### TASK DIRECTIONS
Only the pictures are to be dropped; the rest of the data below is to be duplicated exactly.
Start of RECORDS TO USE
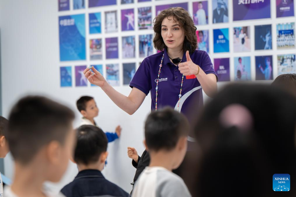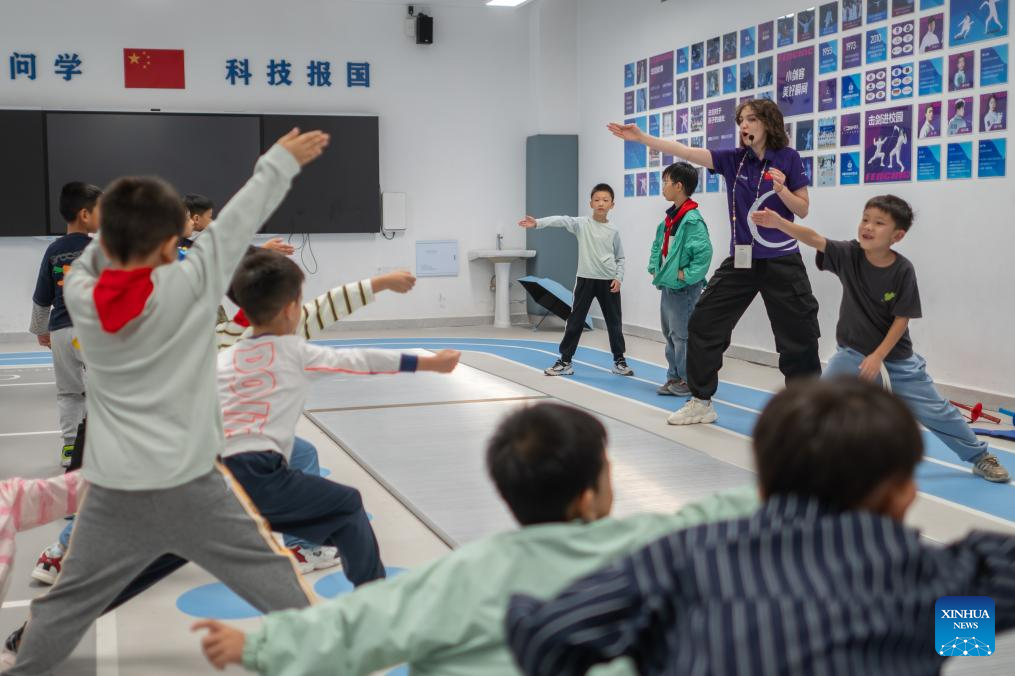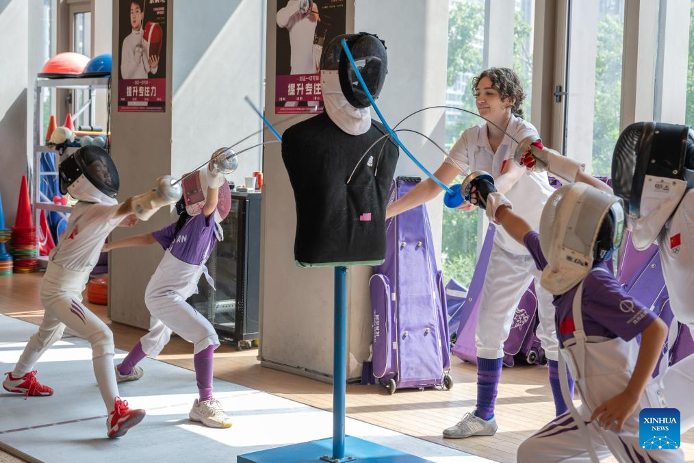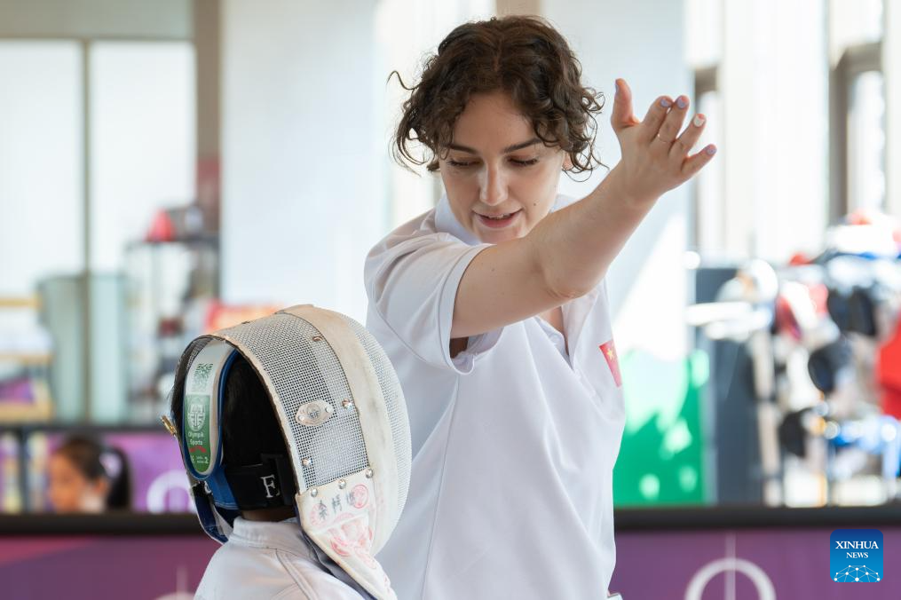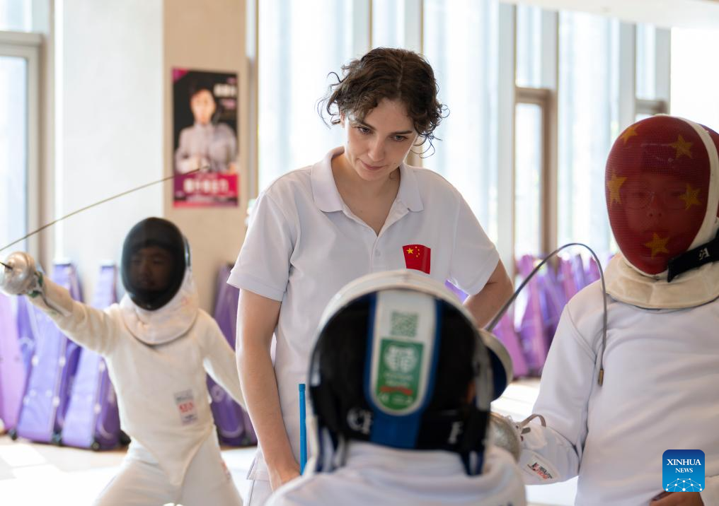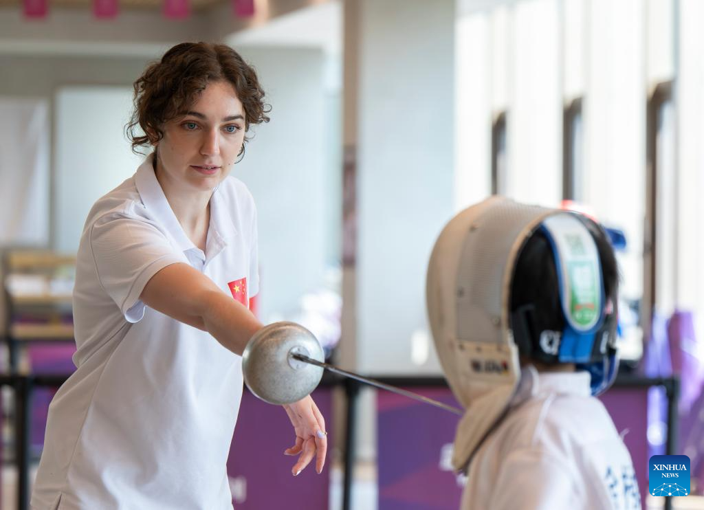Zaparivannaia Mariia gives a lesson at a fencing club in Wuhan, central China's Hubei Province, Sept. 24, 2025. (Xinhua/Du Zixuan)
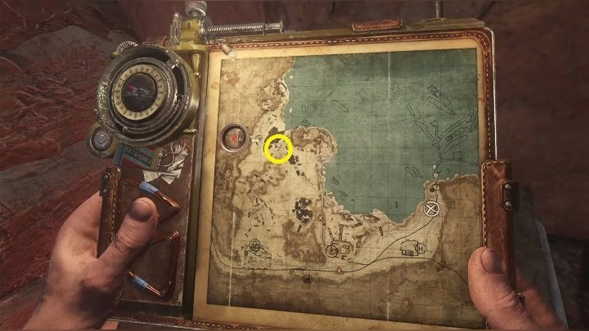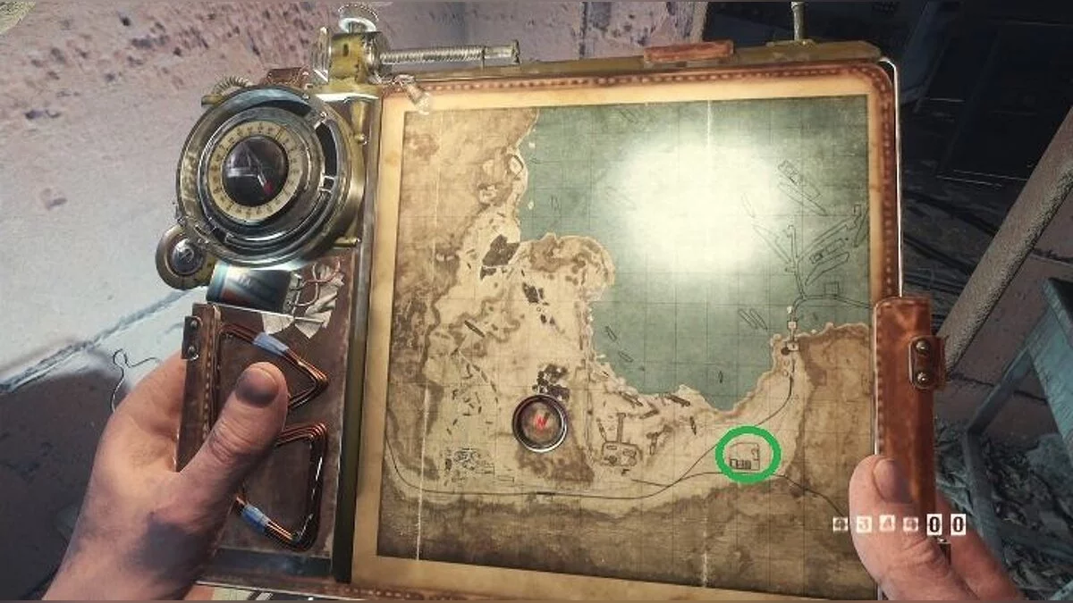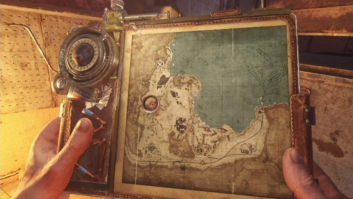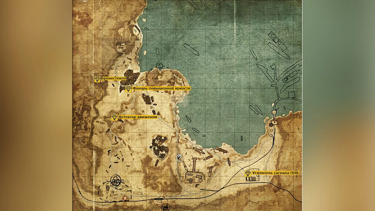Желтым цветом на карте отмечены улучшения, а зеленым — интересные места (появятся позже). Некоторые из них содержат ресурсы для крафта, другие боеприпасы, третьи скрытые заметки и открытки. Карта показывает скрытые модификации оборудования и оружия, а также некоторые из наиболее интересных мест на Каспии.
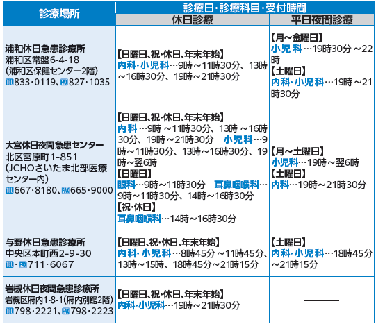 くらし 休日・夜間救急診療 49/59 前の記事 次の記事 発行日 : 2025年10月01日 自治体名 : 埼玉県さいたま市 広報紙名 : 市報さいたま 2025年10月号 ※市内に、休日・夜間急患診療所を開設し、休日や夜間に緊急で治療が必要な方の診療を行っています。発熱している方は、予め電話で受診方法の相談をしてください。 Tweet シェアする 寄付ありがとうございました 在宅当番医
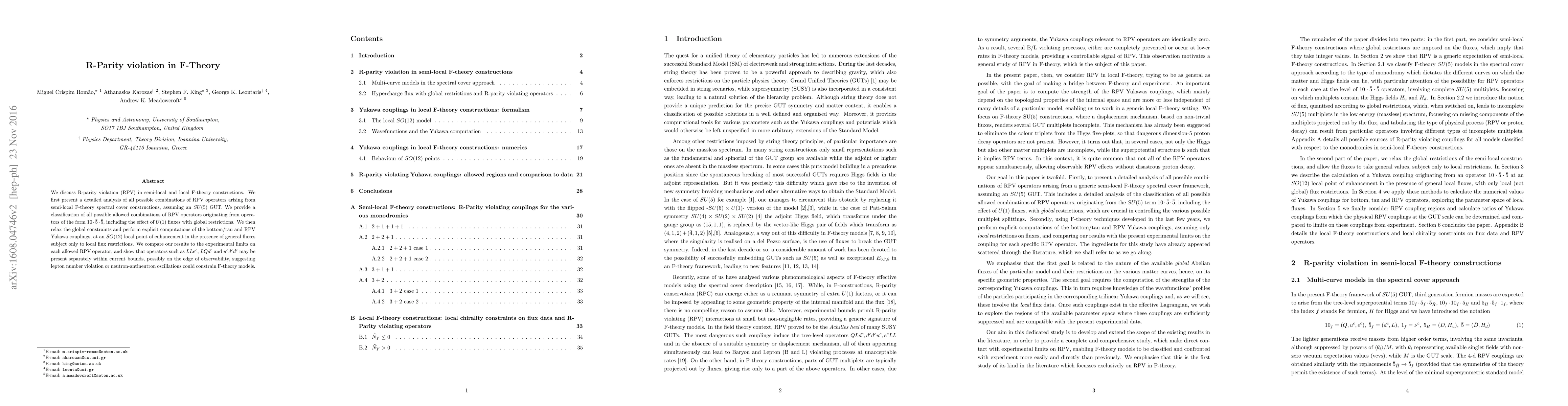 We discuss R-parity violation (RPV) in semi-local and local F-theory constructions. We first present a detailed analysis of all possible combinations of RPV operators arising from semi-local F-theory spectral cover constructions, assuming an $SU(5)$ GUT. We provide a classification of all possible allowed combinations of RPV operators originating from operators of the form $10\cdot \bar 5\cdot \bar 5$, including the effect of $U(1)$ fluxes with global restrictions. We then relax the global constraints and perform explicit computations of the bottom/tau and RPV Yukawa couplings, at an $SO(12)$ local point of enhancement in the presence of general fluxes subject only to local flux restrictions. We compare our results to the experimental limits on each allowed RPV operator, and show that operators such as $LLe^c$, $LQd^c$ and $u^cd^cd^c$ may be present separately within current bounds, possibly on the edge of observability, suggesting lepton number violation or neutron-antineutron oscillations could constrain F-theory models.
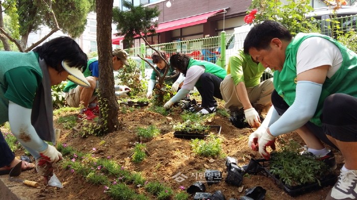 지난 28일 경기 안산시 부곡동은 새마을지도자 회원을 비롯해 직능단체원 40여명이 참석한 가운데 지역내 부곡경로당, 시랑경로당에 구절초·잔디패랭이 8000본을 심어 야생화 화단을 조성했다. 사진은 관계자들이 화단을 꾸미고 있는 모습.(사진제공=안산시청)
End of RECORDS TO USE
### SOLUTION FOR THIS PROBLEM
Zaparivannaia Mariia gives a lesson at a fencing club in Wuhan, central China's Hubei Province, Sept. 24, 2025. (Xinhua/Du Zixuan)
Желтым цветом на карте отмечены улучшения, а зеленым — интересные места (появятся позже). Некоторые из них содержат ресурсы для крафта, другие боеприпасы, третьи скрытые заметки и открытки. Карта показывает скрытые модификации оборудования и оружия, а также некоторые из наиболее интересных мест на Каспии.
 くらし 休日・夜間救急診療 49/59 前の記事 次の記事 発行日 : 2025年10月01日 自治体名 : 埼玉県さいたま市 広報紙名 : 市報さいたま 2025年10月号 ※市内に、休日・夜間急患診療所を開設し、休日や夜間に緊急で治療が必要な方の診療を行っています。発熱している方は、予め電話で受診方法の相談をしてください。 Tweet シェアする 寄付ありがとうございました 在宅当番医
 We discuss R-parity violation (RPV) in semi-local and local F-theory constructions. We first present a detailed analysis of all possible combinations of RPV operators arising from semi-local F-theory spectral cover constructions, assuming an $SU(5)$ GUT. We provide a classification of all possible allowed combinations of RPV operators originating from operators of the form $10\cdot \bar 5\cdot \bar 5$, including the effect of $U(1)$ fluxes with global restrictions. We then relax the global constraints and perform explicit computations of the bottom/tau and RPV Yukawa couplings, at an $SO(12)$ local point of enhancement in the presence of general fluxes subject only to local flux restrictions. We compare our results to the experimental limits on each allowed RPV operator, and show that operators such as $LLe^c$, $LQd^c$ and $u^cd^cd^c$ may be present separately within current bounds, possibly on the edge of observability, suggesting lepton number violation or neutron-antineutron oscillations could constrain F-theory models.
 지난 28일 경기 안산시 부곡동은 새마을지도자 회원을 비롯해 직능단체원 40여명이 참석한 가운데 지역내 부곡경로당, 시랑경로당에 구절초·잔디패랭이 8000본을 심어 야생화 화단을 조성했다. 사진은 관계자들이 화단을 꾸미고 있는 모습.(사진제공=안산시청)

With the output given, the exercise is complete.